To further explore the potential uses and ideal dosages for charged-particle therapy, scientists want to expand basic radiobiology research. Scientists perform this work at charged-particle therapy centres and in facilities such as the NASA Space Radiation Biology Lab at Brookhaven, for example.
Kathryn Held, a radiobiologist at Massachusetts General Hospital in Boston is working on ways to get molecular information about the effects of different ion species on tumour cells — information that could help researchers to develop dosage regimens.
New approaches to studying cell survival, changes in cell cycle and cell death will help researchers to explore why charged particles have more tumour-killing power than X-rays.
Measures such as standard 'clonogenic assays', in which scientists irradiate cells and then see whether they continue to grow and form colonies, suggest that protons are slightly more effective than X-rays at killing cells, whereas carbon ions are about 2–3 times more effective. Scientists have a number of hunches about why this is so.
One is related to the fact that X-rays tend to be spread out, meaning that many of them pass through the cell without hitting DNA, says Held. Ions such as carbon are heavier and bigger than protons, have a greater positive charge and move more slowly through tissue or cells, creating a thicker track of ionization. This track seems to produce clusters of damage, such as breaks in one or both strands of DNA, and damage to neighbouring nucleotides (see 'Greatest hits').
When one strand of DNA breaks, repair enzymes use the sequence of the other, intact strand as a template to fix the helix's rails and rungs. But double-strand breaks are harder to repair accurately, because there is no intact template from which to reconstitute the DNA. A cluster of damage adds to the challenge. All of this helps to explain why carbon ions are more lethal, says Held.
Indirect evidence — computer simulations or the use of antibodies to detect DNA-repair enzymes — helps to explain the type of injury that charged particles inflict on tumour cells. “However, we do not have good assays to quantify, or identify the composition of, those clustered lesions,” Held says. “DNA assays that more specifically measure the various types of possible clustered DNA damages would be very useful.”

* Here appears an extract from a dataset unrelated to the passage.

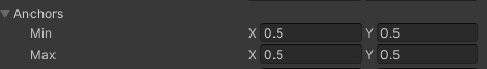 Anchors는 X와 Y의 각각 최솟값과 최대값을 가지고 있습니다. Anchors를 조절하면 게임 화면의 크기를 조절했을 때 버튼이 이동하거나 크기가 조절되는 비율을 조절할 수 있습니다.

Another reason charged particles may pack more punch to cancerous cells is related to tumour physiology. As tumours grow, oxygen-poor regions develop, and these areas seem to be resistant to classic radiation treatment. That is because X-rays kill cells by producing free radicals — reactive molecules formed from the water in cells and tissues — which then react with DNA to produce other destructive radicals. More oxygen exacerbates the damage these radicals can cause, and less oxygen weakens their effect. Researchers think that charged particles such as carbon ions may not lose their destructive power in low-oxygen regions.
Basic radiobiology research on charged particles can feed into clinical practices in current and future facilities. Radiation oncologist Anders Brahme at the Karolinska Institute in Stockholm, who has spent his career working on charged-particle therapy, says that he sees great potential for cancer treatment in such therapies and is excited that they are drawing global interest. In his view, charged particles offer the chance for radiation oncology to move from a cancer treatment to a cancer cure.